At the foundations of the JPEG 2000 image compression standard there are ideas found in the embedded zero-tree wavelet coding (EZW) algorithm introduced by [6], a technique which produces a fully ``embedded'' bit stream[7]. An embedded bit stream is ``scalable'', in the sense that it can be truncated at an arbitrary point, and decoded. If bits are decoded as they are received, at any instant the ``quality'' of the decoded information is the best available for the number of bits received up to that moment. Thus, an image compression ratio can be varied simply by truncating the coded bit stream. Similar ideas can be applied to video coding. In fact, fine-granular scalability (FGS) is at the core of the MPEG-4 video-compression standard.
Scalable coding can be fruitfully exploited in many practical applications, including: (i) image database browsing (ii) progressive image transmission (where the consumer can examine the improving decoded image as bits are received, and can abort the transfer when the image quality reaches a satisfactory level), and (iii) multimedia web serving (a single file can serve a variety of consumer requirements and capabilities, as well as congestion/channel conditions).
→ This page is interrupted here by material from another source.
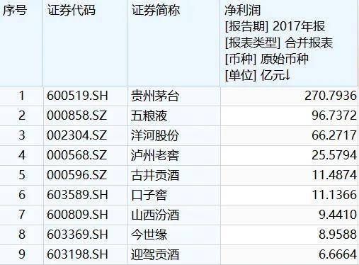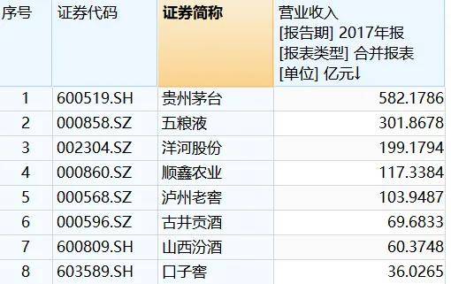 以公司2017年的營收對比,Wind數據顯示,A股白酒上市公司中,貴州茅台、五糧液、洋河股份、順鑫農業、瀘州老窖、古井貢酒、山西汾酒和口子窖共8家企業都已超過31.70億元。淨利潤方面,有9家公司超過了西鳳酒。

These files introduce interesting resource management issues, because their special structure can be exploited to allocate scarce resources efficiently. Such analysis necessitates a relatively simple model combining the properties of analytical tractability, with flexibility to accommodate a wide variety of situations. This work proposes such model.
In the situation under study, a terminal with a limited supply of energy and a long sequence of scalably encoded images to transfer over a wireless link seeks to manage its energy efficiently. At the center of this inquiry is a function yielding the ``quality'' of the resulting information (image) in terms of the fraction of the encoded file which is chosen for decoding. It is postulated that all that is known about this function is that its graph is an S-curve, as introduced in [4] and discussed further in [5] (see fig. 1).
There are practical reasons why the S shape is chosen. An arbitrary S-curve starts out convex and smoothly transitions to concave. But the inflexion (transition) point is arbitrarily placed. Therefore, this curve in fact contains as special cases a (``mostly'') concave curve (inflexion point is ``very close'' to the origin) and a (``mostly'') convex curve (inflexion point is ``very far'' from the origin). Thus, by assuming an S shape for the function giving the ``quality'' of the image recovered from the truncated file in terms of the number of decoded bits, this work allows not only the S-shape proper, but also the concave and the convex shape. These three shapes should accommodate most, if not all situations of interest.
Additionally, as discussed in fundamental psychology texts (see, for instance, [2,Chapter 7]), the S-curve naturally arises in psychophysical experiments involving human perception. In these experiments, a graph is made in which the horizontal axis denotes the ``intensity'' of a stimulus applied to a subject. The vertical axis denotes the probability that the subject correctly identifies or detects the presence of the stimulus. These graphs have often the shape of fig. 1.
The peak signal-to-noise ratio (PSNR) is the image quality metrics most commonly found in the literature. This is a simple to calculate index, which can be sensible and useful in many situations. However, as an indicator of image quality as perceived by a human observer, the PSNR is at best a very crude measure. Dansereau and Kinsner [1] argues this further, while proposing a metrics specifically aimed at progressive image transmission: the Renyi dimension spectrum. But this measure is much too complicated for resource management studies.
This analysis also depends critically on a function giving the probability of success of the transmission of a data packet in terms of a signal to interference measure at the receiver. This ``frame-success'' function (FSF) is determined by the physical layer of the system. It can be safely assumed that for any physical layer, any such function has an S-shaped graph. Thus, two different S-curves are at the core of this analysis.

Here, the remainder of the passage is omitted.